RNA isolation and real-time PCR
Total RNA was isolated at times indicated using the RNeasy kit from Qiagen according to the manufacturer’s instructions. Reverse transcriptions were performed using the First Strand cDNA Synthesis kit (Promega) according to the manufacturer’s instructions. One microgram of total RNA was transcribed to cDNA in a 20-μl reaction volume. For transcript quantification purposes by real-time PCR, the SYBR Green Mix containing Thermo-Start DNA Polymerase was used according to the manufacturer’s instructions (Eurogentech). Primers for HO-1 (forward, 5′-GCT TGT TGC GCT CAT TCT CC; and reverse, 5′-GCC ACC AAG GAG GTA CAC ATA) were from IDT. The 18S primers were purchased from Ambion. The PCR using 1 μl of cDNA was conducted in iCycler Thermal Cycler (Bio-Rad). A hot-start phase was applied at 95°C for 10 min for all primers. cDNA was amplified for 45 cycles (HO-1) at 95°C for 10 s, 60°C for 10 s, and 72°C for 25 s. At each cycle, accumulation of PCR products was detected by monitoring the increase in fluorescence by dsDNA-binding SYBR Green. After the PCR was performed, a dissociation/melting curve was constructed in the range of 55–95°C. Data were analyzed using the Bio-Rad ICycler software and comparative Ct method with the following formula: ΔCt = Ct (target, HO-1) − Ct (normalizer, 18S). Fold increase in the expression of HO-1 mRNA in experimental groups compared with medium control was calculated as 2−(ΔΔCt).

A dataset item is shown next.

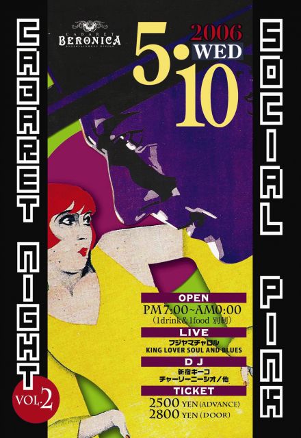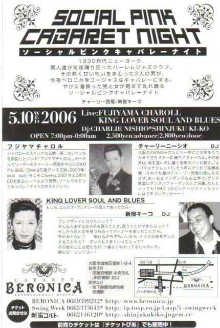 ソーシャルピンクキャバレーナイト! 1930年代ニューヨーク 黒人達が踊り狂ったハーレムジャズクラブ。そこに流れる小松みどり(五月みどりの妹なのに何故か名前が同じ)の「コチョコチョ娘」そんな? イベントです。わかるかな〜わかんねだろうな〜! 7時Opem 8時〜もしエルビスが黒人だったら?をテーマにした新人バンドKingLoverSoul&Bluesのライブ 9時半〜ソーピンのホストバンド フジヤマチャロル DJは、新宿キーコとチャーリーニーシオ スイングの新潮流イベントだ! お食事のメニューも充実! 前売り2500円当日2800円(1フ

HO-1 activity was measured as described by Tenhunen et al. (22) and modified by Balla et al. (23). Briefly, equal numbers of cells were stimulated as indicated, washed twice with PBS at room temperature, and then harvested from the plates in cold harvest buffer (0.1 M KPO4, 20% glycerol, 1 mM EDTA (pH 7.4)), and then transferred into a 12 × 75-mm culture tube and sonicated for 3 s on ice. Protein concentration was determined and equal amounts of protein were subsequently used for each experimental group. The sonicated protein lysate was added to a NADPH-generating system containing 530 μl of K2HPO4 (0.1 M), 50 μl of Desferal (65 mg/ml), 50 μl of NAPDH (4 mM), and 0.8 mg of protein of rat liver cytosol prepared from 105,000 × g supernatant fraction as a source of biliverdin reductase, as previously reported by Tenhunen et al. and Balla et al. (22, 23). The samples were placed into a shaking water bath for 5 min. Hemin (1 mg) was added to the test tubes, and the reaction was conducted at room temperature for 10 min in the dark and terminated by adding 20 μl of p-hydroxymercuribenzoic acid (50 mM) to each tube. Hemin alone was included as reference. The absorption was measured at 470 nm using a quartz cuvette. The standard EmM of 1 M bilirubin (Bi) measured at 470 nm is 66 (22, 23). The HO-1 activity is calculated using the following formula, as previously reported (22, 23): picomolar Bi/minutes × milligrams of protein = (OD470 × 1.010 final volume of the probe × 1000 pmol)/(0.066 OD/nanomoles of bilirubin/milliliter × 0.2-ml volume × 10 min × milligrams of protein/milliliter × 1 nM).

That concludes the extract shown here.